Вернув беглянку с дороги, родители взяли ее из школы и два года продержали дома, разлучив с подругами. Потом ее перевели в другую школу – возвращаться в старую Лена не захотела.
Со временем все было забыто. Даже родные простили девушке ее легкомысленный поступок и никогда ей о нем не напоминали. Непоколебимой осталась одна лишь Софья Минаевна.
Возможно, тут примешивалось и кое-что другое. Надо сказать, что доктор и его жена почти всегда держались в стороне от Варназовых, особенно от Ерванда Якулыча и его сынка. Единственной связующей нитью между двумя семействами была Лена. Может быть, Софья Минаевна хотела, чтобы оборвалась и эта последняя нить? Может, это было и странно, но теперешнее положение Сантура ничуть не повлияло на отношения к Варназовым доктора и его жены. Больше того, доктор вовсе не хотел ничего знать о Сантуре, а Софья Минаевна при одном упоминании о нем с такой гадливостью морщила нос, словно откуда-то понесло невероятно отвратительным запахом.
Но все это давно отошло в прошлое. А в настоящее время Лена была занята одной мыслью – она твердо решила выйти замуж за Микаэла.

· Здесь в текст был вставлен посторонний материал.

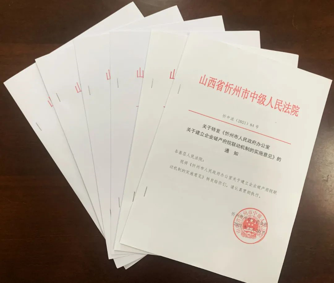 2021年7月30日,忻州市政府與忻州中院共同印發(fā)《關(guān)于建立企業(yè)破產(chǎn)府院聯(lián)動(dòng)工作機(jī)制的實(shí)施意見(jiàn)》。忻州正式建立企業(yè)破產(chǎn)府院聯(lián)動(dòng)工作機(jī)制,成立由市政府主要領(lǐng)導(dǎo)或受主要領(lǐng)導(dǎo)指派的分管領(lǐng)導(dǎo)和法院院長(zhǎng)擔(dān)任聯(lián)席會(huì)議共同召集人,各成員單位分管領(lǐng)導(dǎo)為聯(lián)席會(huì)議成員,負(fù)責(zé)統(tǒng)籌安排企業(yè)破產(chǎn)府院聯(lián)動(dòng)各項(xiàng)工作。
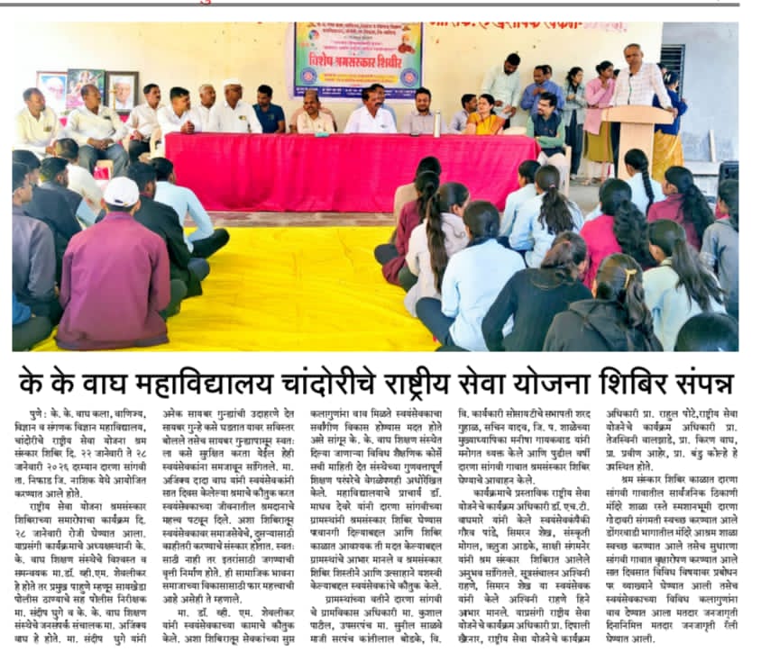 NSS Camp 2025-26 at Daranasangavi News Pune Vaibhav, Lokmat, Deshdoot
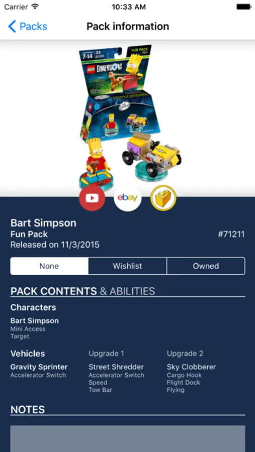 'My Collections: LEGO Dimensions Ed.' is an unofficial app and intended to be used for informational and educational purposes only. 'My Collections: Dimensions Ed.' is NOT licensed by, endorsed by, or associated with Warner Bros., Lego, or the makers of Lego Dimensions.

Любопытно, как отнесутся к этому ее дядя и тетка? Не попробует ли Софья Минаевна исподтишка помешать, расстроить все? Пусть попытается, это даже интересно! Лена будет иметь против себя некоего невидимого противника, который невольно только подогреет ее и подтолкнет к достижению поставленной цели.

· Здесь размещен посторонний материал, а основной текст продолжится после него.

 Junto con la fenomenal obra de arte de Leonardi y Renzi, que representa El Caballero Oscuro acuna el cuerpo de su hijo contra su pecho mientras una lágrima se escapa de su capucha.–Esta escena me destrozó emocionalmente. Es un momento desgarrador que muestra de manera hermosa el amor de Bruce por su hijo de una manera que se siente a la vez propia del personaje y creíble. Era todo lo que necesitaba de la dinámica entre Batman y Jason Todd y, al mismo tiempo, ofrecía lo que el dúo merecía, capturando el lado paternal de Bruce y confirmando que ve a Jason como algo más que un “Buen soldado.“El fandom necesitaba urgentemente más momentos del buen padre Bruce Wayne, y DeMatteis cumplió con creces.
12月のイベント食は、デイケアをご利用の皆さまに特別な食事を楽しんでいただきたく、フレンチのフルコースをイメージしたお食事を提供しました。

7По удивительному совпадению обстоятельств Ерванд Якулыч в последнее время все чаще стал заговаривать о том, что Лену пора выдавать замуж.
Объяснялось это, быть может, тем, что годы шли, Лена становилась старше и мало-помалу теряла прежнюю свежесть и привлекательность. С другой стороны, звезда семьи Ерванда Якулыча постепенно закатывалась. Уже нельзя было жить, как жилось раньше, добывать денежки становилось все труднее. Надо было пристраивать дочку.

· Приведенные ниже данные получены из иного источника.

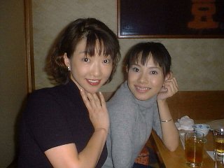 お疲れさん会。松井菜桜子さんと上原さくらさん。
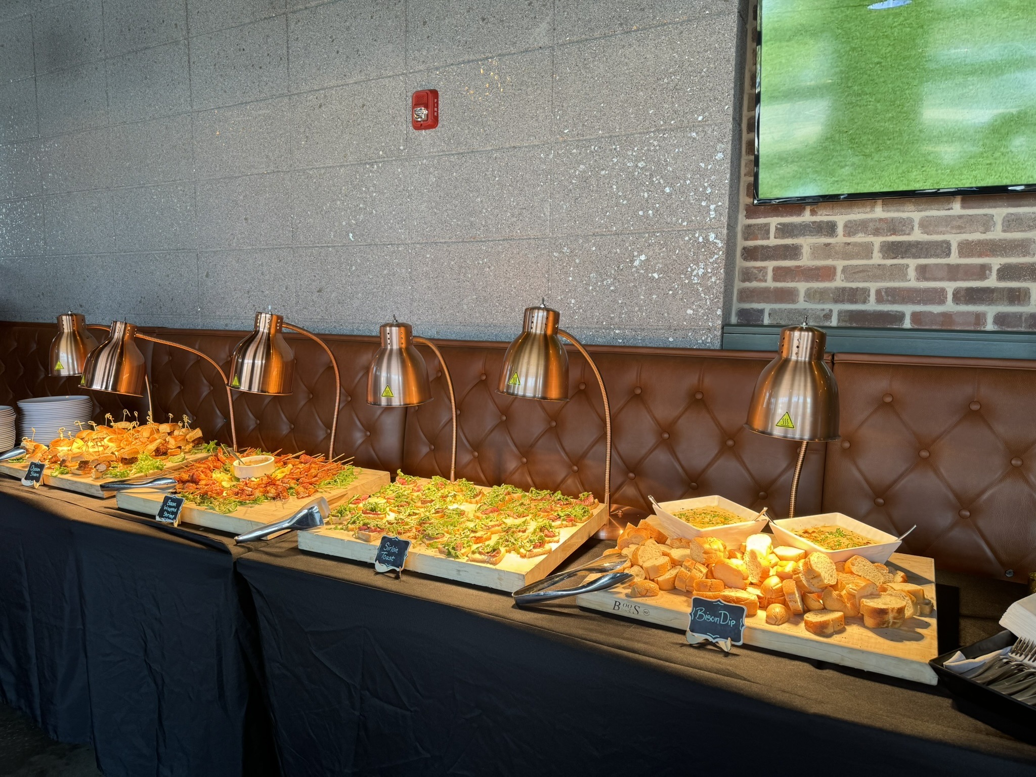 Your guests will enjoy a truly exceptional dining experience with our chef-driven catering. The room features a dedicated food-gathering area, fully equipped with everything needed to present your curated menu with grace and style. Since all catering is handled in-house by our expert team, you can be sure your event menu will be as memorable as the setting.

За это время Ерванду Якулычу суждено было еще два раза сильно удивиться.
В первый раз – и это было ужасно! – удивился он тогда, когда его Сандик, Сантур Ервандович Варназов, бог городских ремесленников и торговцев, был низвергнут с небесных высот в пропасть. Во время чистки партии нашлись люди, поставившие под сомнение революционное прошлое Сантура. Пребывание его в рядах партии было признано сплошным недоразумением, а его дореволюционный арест за якобы антиправительственное выступление объяснился смехотворной, водевильного характера случайностью.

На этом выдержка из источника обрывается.